What Are You Doing With Your Hours?
“We takin’ shots right now..this is the life that we chose”
For about two weeks now I’ve been using my calendar as a to-do list. I add in my tasks, estimate how long I think the task will take, and then add a “DONE” to it once it’s finished. The practice led to a huge realization — I am the owner of so many hours in a day, why haven’t I been more protective of them?
Each hour in some small or big way contributes to the life that I want and I’ve been so careless. I spent too many minutes thinking about what other people thought of my personal life decisions. I squandered too many of my hours worrying about what it would say of me to show up in my feels and not enough hours congratulating myself for even having feelings.

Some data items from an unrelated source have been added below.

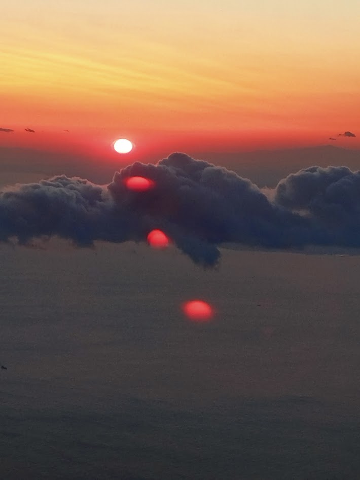 2日目の午後の読書中に、光を感じて顔を上げると、僅かながら沈む太陽の光が雲と芸術を醸し出し、貴重な太陽を拝めたこの時の感動は格別でした。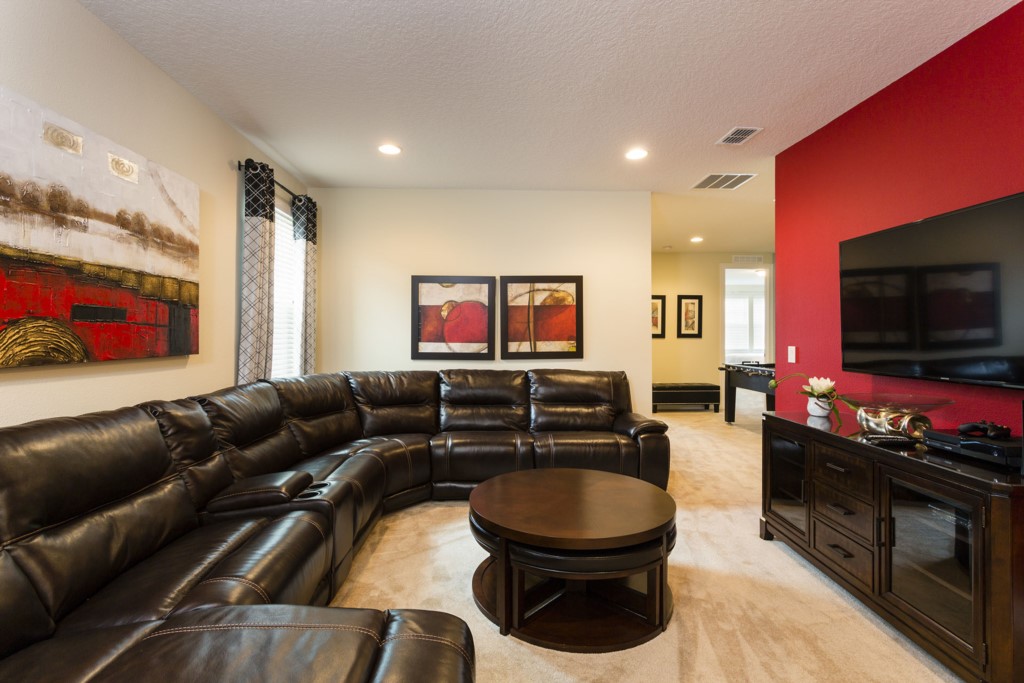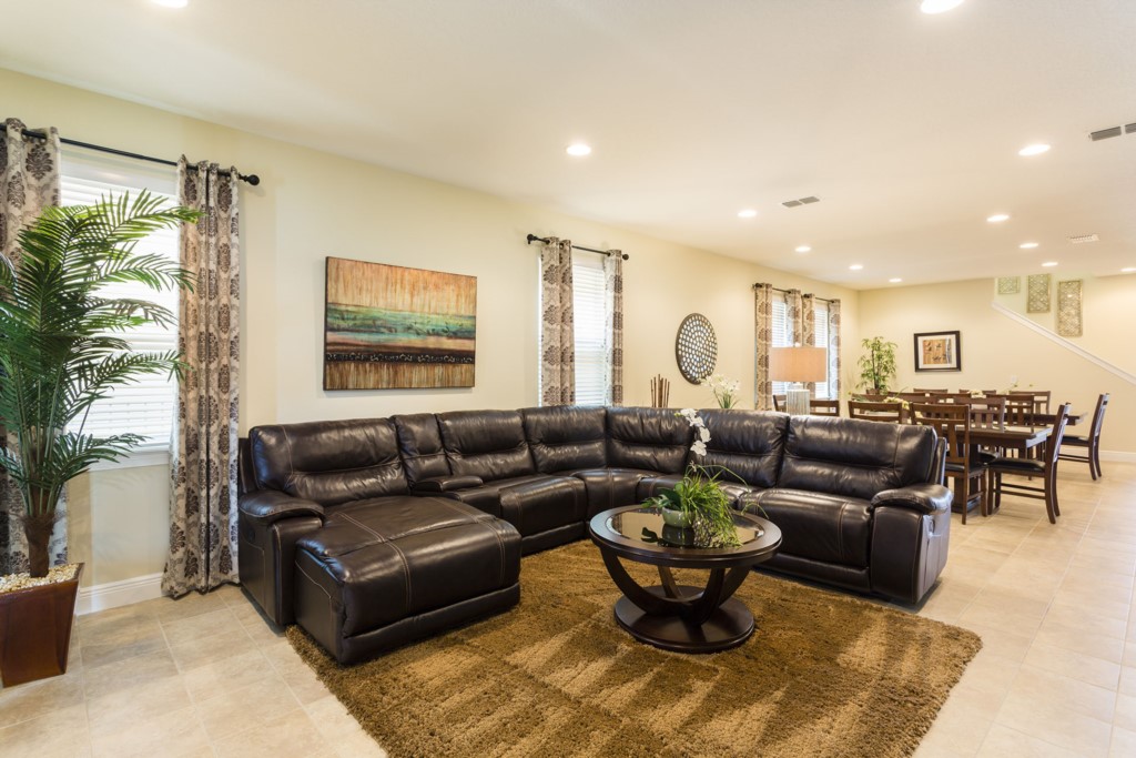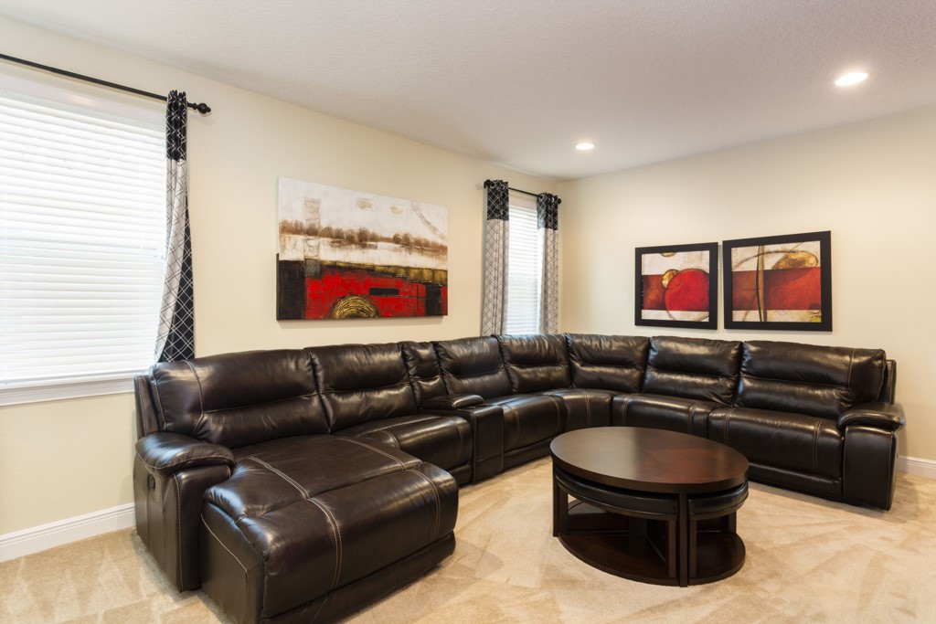 Spacious comfortable seating area with a large leather reclining sectional overlooking the pool deck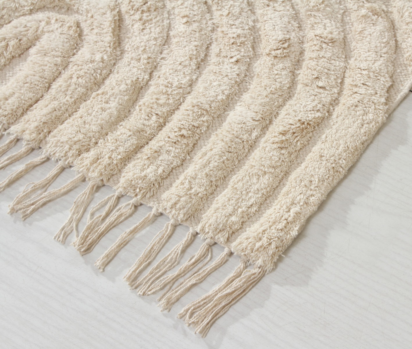 Wilma Bene bomullsmatta i beige erbjuder mjuk komfort och slitstyrka. En stilren och lättskött matta som passar i alla rum och kompletterar varje inredning.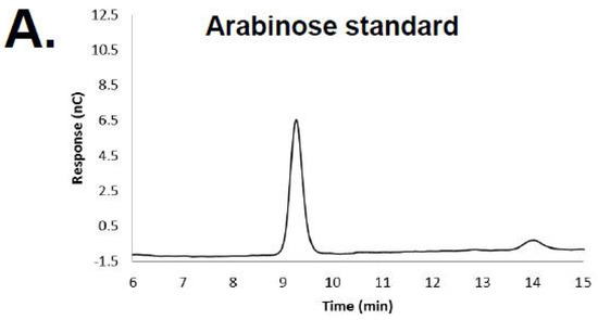 High-pH anion exchange chromatography of arabinose standard and RB69 DNA. HPAEC chromatograms of (A) arabinose standard, (B) RB69 DNA hydrolysate, and (C) co-injection of arabinose standard and sample RB69 DNA hydrolysate.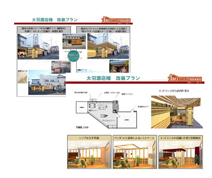 | 打合せ内容 | 外装プランの前提条件として、正面のエントランスを駐車スペース側に変更し、 既存の躯体を活かしたまま、ワインショップとしてイメージアップを図ることがありました。内装の仕上がりイメージも何パターンかご提案。 |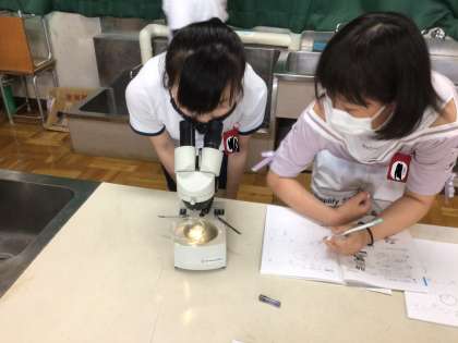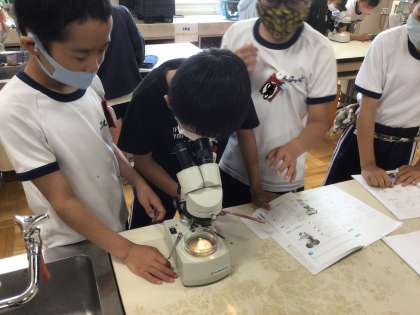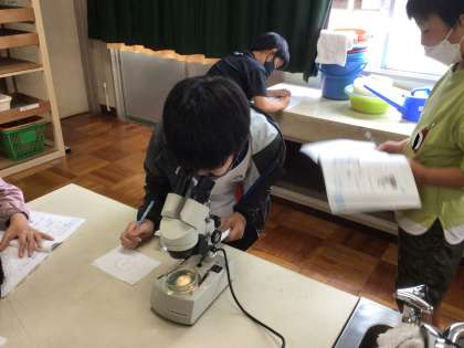 双眼実体顕微鏡を使って、メダカのたまごの様子を観察しています。

My legs were propped up on the seat in front of me in the back of the bus and I reminded myself that this was what taking a step back from my life felt like. I took the bus when I could have taken the train. I turned on “Do Not Disturb” on my phone and only answered texts in quick spurts when I felt like it. I was unavailable to everyone because I needed to figure out what it meant to be available to myself again.
We have such a problem with being protective of our time and the energies we let into our lives, even though those actions are the difference makers in whether we make it through the harder seasons alive. I’ve spent the last 119 days investing in friendships and relationships that make sense to the person I am right now.
Not the person I was. Not the person others want me to be. The only people in my life right now accept that growth is inevitable and worthy of being encouraged and celebrated.
Bravery shows up if we give it space to, pour it a cup of orange juice, and let it change our lives. Lately there’s always a gallon of oj in the fridge. Sometimes, it’s mixed with champagne and a straw bought at Target because that’s what someone who grew up fearing she would continue the cycle of alcohol abuse can do when she’s grounded in herself, free, and surrounded by friends who are sisters and won’t let her fall.
I don’t have everything figured out, but I figured out I’m the owner of my hours and of where they go and that feels like more than enough right now. I got off the bus when it felt right, treated myself to a few new outfits, and then walked.
I know how to write from places of pain, but that’s not all I am, it’s never been. I just know that place well and know that somehow writing about it makes me, and hopefully someone else, feel less alone. I’m a newbie though, when it comes to writing from a place of trusting myself and the process I’m in as deeply as I can now.
Welcome to the next chapter of my life.
I’m looking forward to the stories we’ll write together.